Granny Weatherall is reconciled with the idea of death, but, at the final moment, the reality becomes a scary ordeal. Concerning her strong resolve to embrace death, it is stated that “…she had once and for all got over the idea of dying for a long time. Now she couldn’t be worried.” However, as the final moment approaches and she seeks in vain for a sign from God, she loses her guard and gasps, “Oh, no, there’s nothing more cruel than this – I’ll never forgive it” (Porter). She goes into eternity feeling betrayed by God, just as she had been betrayed by her groom George during the wedding day.  It is certain that she seeks a sign from God to get reassured she would get to heaven since, earlier in the story, she reminisces:

“What does a woman do when she has put on the white veil and set out the white cake for a man and he doesn’t come? … That was hell, she knew hell when she saw it. For sixty years she had prayed against remembering him and against losing her soul in the deep pit of hell, and now the two things were mingled in one” (Porter). 
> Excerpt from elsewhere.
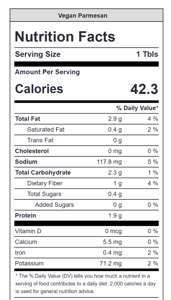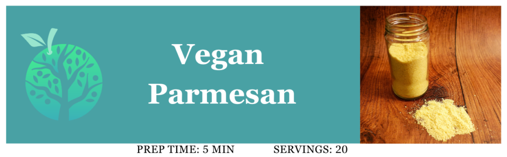 Don’t let the word “vegan” throw you off. This parmesan recipe is for everyone—and every dish! Only 5 minutes of kitchen labor and you’ll have an absolutely craveable topping for almost anything.

The salvation of the woman remains subject to speculation up to the final breath. Given that the idea that hell engulfs her as she sinks into death, the reader feels the desperation. The initial betrayal she had suffered from George’s departure seems insignificant to her at the final moment. Her prayerfulness and even the presence of a priest, which does not avail her desire for a sign from God, merge perfectly into the metaphor of wounded vanity she envisioned herself to have suffered from the wedding day jilt and she dies in despair.

Just like any person who purges her soul in preparation of death, “Granny felt easy about her soul. … She had her secret comfortable understanding with a few favorite saints who cleared a straight road to God for her” (Porter). The reader can identify with the betrayal the granny savors as images of hell float on her imagination just at the moment she is ready to let her soul be ushered into glory. She is unable to get into terms with death as she waits the time when she can be certain she is going into glory. She probably thinks confessing good deeds would bring back God to her side as she beseechingly says,“I meant to finish the alter cloth and send six bottles of wine to Sister Borgia for her dyspepsia” (Porter). However, God, who has been personified as a groom does not show up.